Chubb Fire & Security Ltd is a British firm specialised in fire protection and security systems, and is a subsidiary of APi Group Corporation (NYSE: APG).

History
The company was founded by Charles and Jeremiah Chubb, who patented their Chubb detector lock in 1818. The company won a government competition for a lock which could not be opened other than by its own key.

In 1835, the company produced its first Chubb safe at its factory in Wolverhampton, UK and, in the second half of the 19th century, the company expanded into the United States, and produced a time lock that was fitted to bank vaults across the country. In the 1800s, Chubb gained some important customers such as the Duke of Wellington and the Bank of England.

Over the next one hundred years, the company turned out more than 2.5m locks. By the 1940s, Chubb expanded its operations in 17 countries. From being a single company manufacturing specialized security products it turned into a broad-based group of companies covering not only many aspects of security but fire protection as well.

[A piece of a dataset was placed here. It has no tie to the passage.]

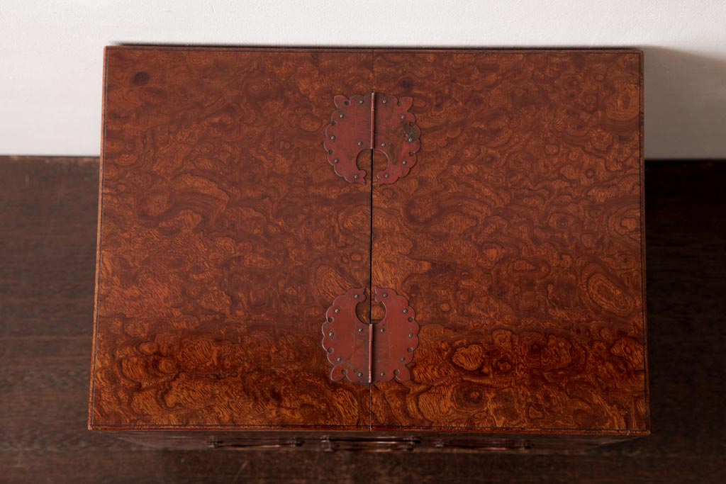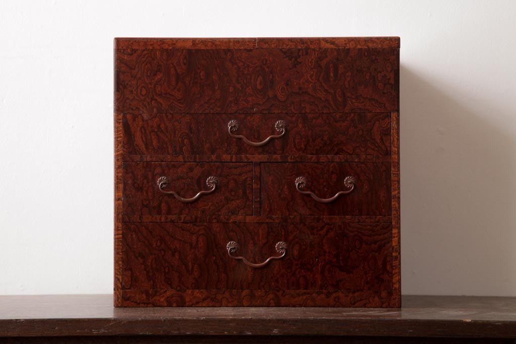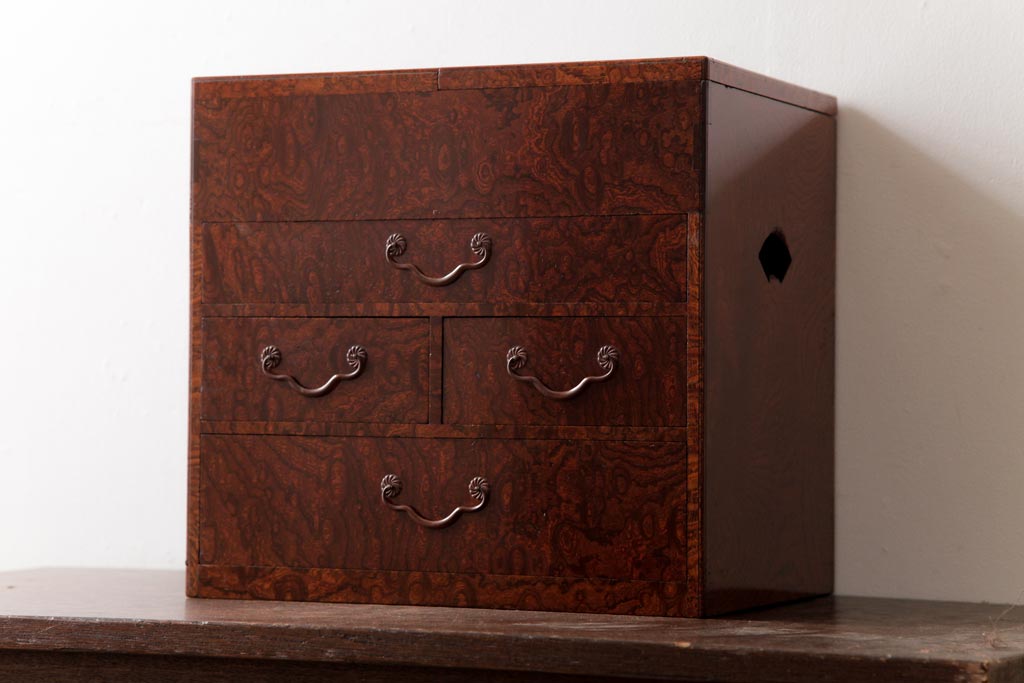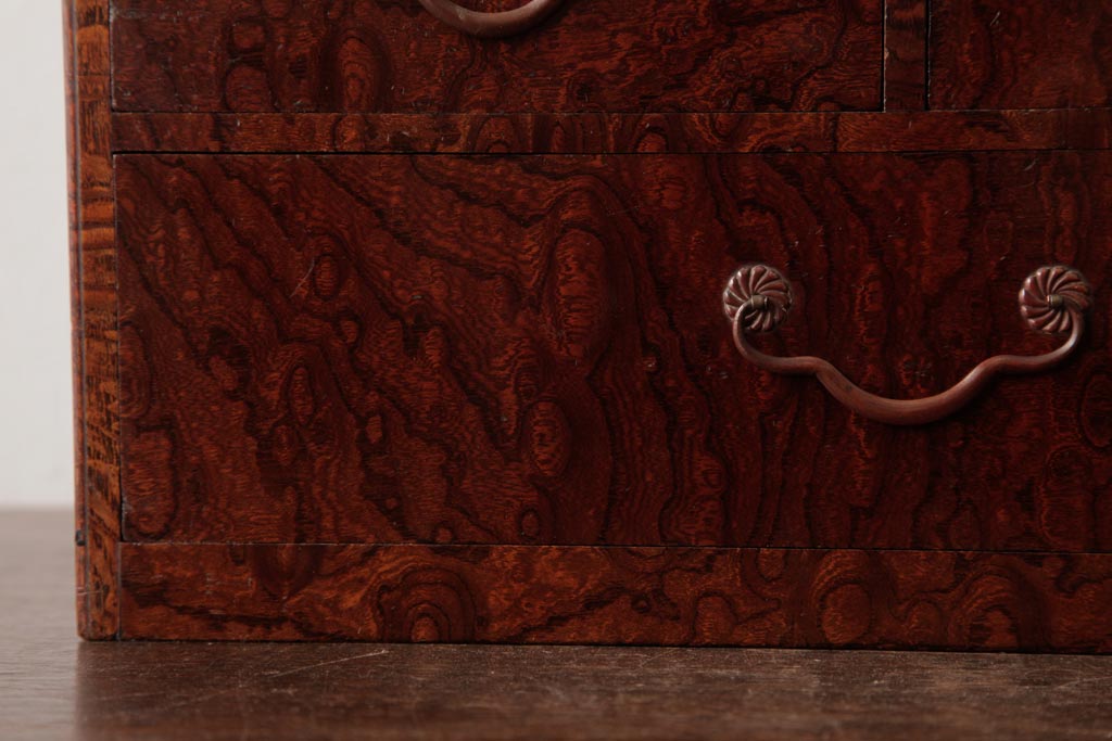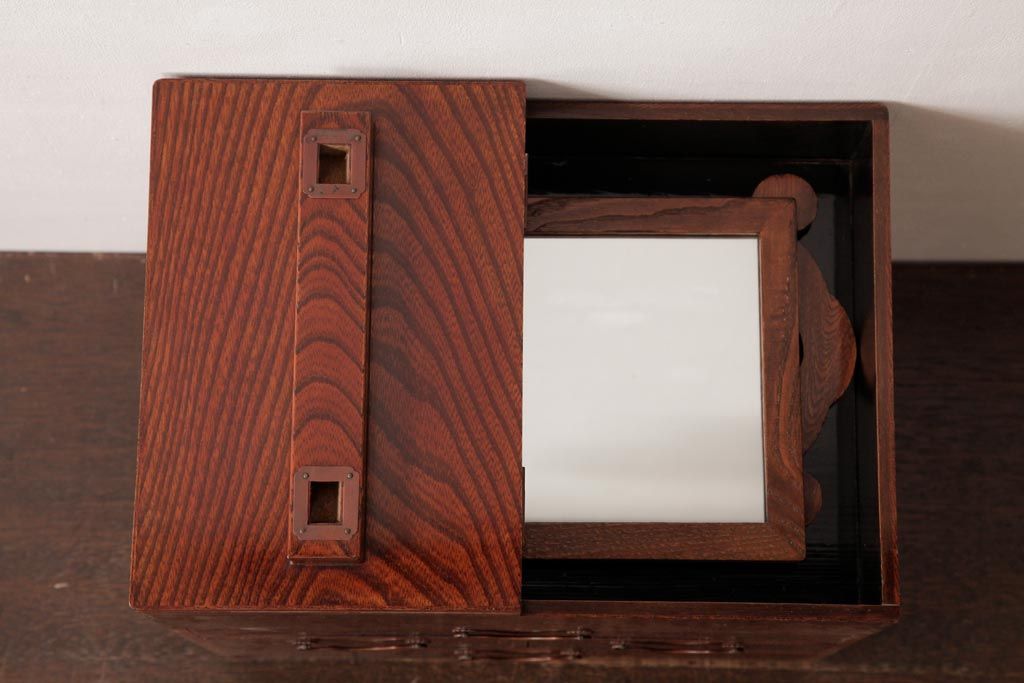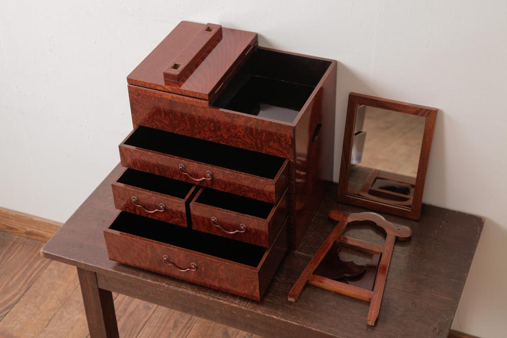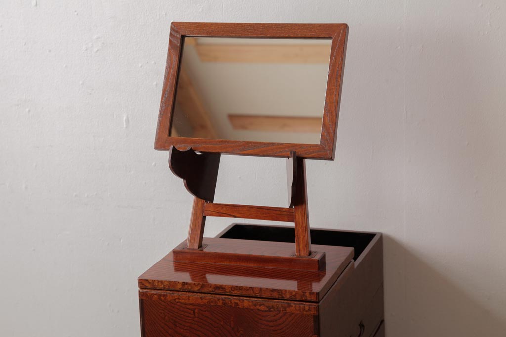 ラフジュ工房> 小物収納・トランク> 小引き出し > アンティーク家具 和製アンティーク 総ケヤキ材 玉杢が上品な引き出し付きの鏡台(化粧箱、小引き出し、小物収納)(1)
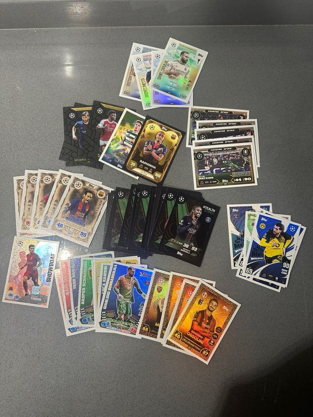 Colección de cromos de fútbol Topps Match Attax de la temporada 25/26. Incluye cartas de Man of the Match y Wildcard.

The company went on to acquire a number of rival firms including Chatwood-Milner Ltd. (1958), Burgot Alarms Ltd and Rely-a-Bell (1962), Read and Campbell Limited (1964), Josiah Parkes and Sons Ltd. (1965) and The Pyrene Company Limited (1967). It was bought by Racal Electronics in August 1984, from which it was demerged in September 1992, before being acquired by Williams Holdings in February 1997. as the latter company sought to build a security-focused conglomerate. Chubb was again demerged in July 2000.

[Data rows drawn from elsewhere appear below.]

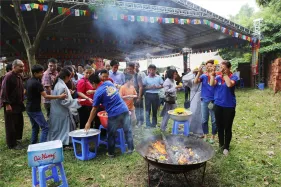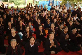 Hình ảnh Đại Pháp Hội Quán đỉnh cộng đồng, Cầu nguyện hòa bình thế giới, quốc thái dân an Mạn Đà La Bản Tôn Phật Liên Hoa Sinh. Pháp hội cúng dàng Hỏa tịnh tiêu trừ chướng ngại tăng phúc trường thọ tại Chùa Hoàng Long, xã An Đạo, huyện Phù Ninh, tỉnh Phú Thọ.
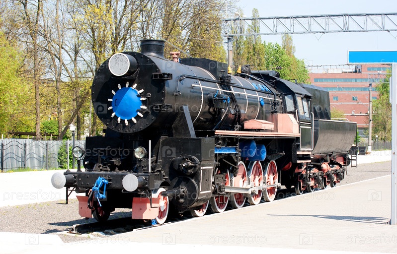 Старый ретро локомотив возле городского железнодорожного вокзала
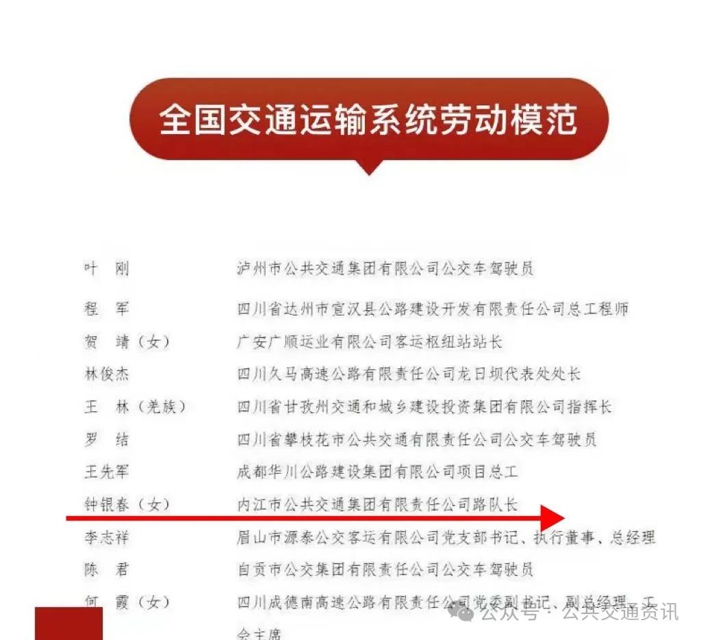 喜报!内江公交路队长钟银春荣获“全国交通运输系统劳动模范”称号
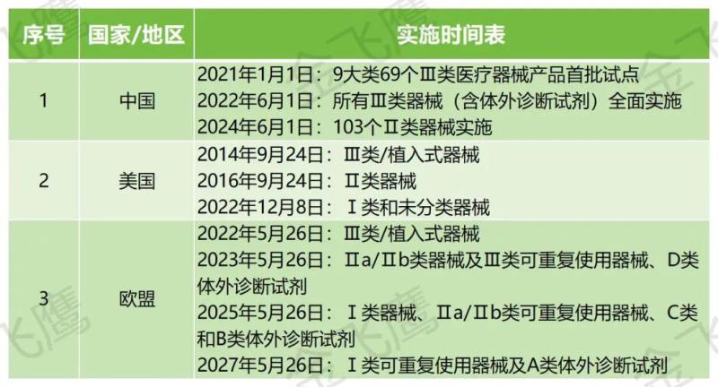 總的來(lái)說(shuō),美國(guó)是全球范圍內(nèi)最早實(shí)施UDI的國(guó)家,2007年,F(xiàn)DA補(bǔ)充法案修訂聯(lián)邦法案519條款,加入f部分,明確FDA實(shí)施UDI的法律基礎(chǔ)。2014年9月,要求Ⅲ類(lèi)/植入式器械實(shí)施UDI,而歐盟和我國(guó)在UDI實(shí)施方面相對(duì)起步較晚,2017年5月,歐盟發(fā)布了醫(yī)療器械法規(guī)(MDR)和體外診斷醫(yī)療器械法規(guī)(IVDR),設(shè)立UDI專(zhuān)章,規(guī)定歐洲醫(yī)療器械數(shù)據(jù)庫(kù)(EUDAMED)相關(guān)建設(shè)內(nèi)容。我國(guó)則在2019年7月確定了UDI試點(diǎn)品種,2021年1第一批產(chǎn)品正式實(shí)施UDI。以下為具體實(shí)施時(shí)間線(xiàn):

In August 2000, Chubb sold Chubb Locks, its lock and safe making unit, to Assa Abloy, and concentrated on security systems such as door access and CCTV systems. In May 2002, Chubb held intensive acquisitions talks with Sweden-based Securitas AB, the world's biggest security services business. After 18 months of negotiations, the talks were called off on the grounds that the deal would not be "financially attractive" to either company's shareholders.

In Australia, Chubb Security bought MSS Security in 1996, but then sold it to Security and Intelligence Services in 2008.

In April 2003, Chubb was acquired for £622m by United Technologies Corporation. In March 2007, UTC bought Initial Fire and Security, the security arm of Rentokil Initial and proceeded to merge the business and its assets with Chubb in UTC Climate, Controls & Security. In December 2013, Chubb's Australian cash in transit business was sold to Prosegur.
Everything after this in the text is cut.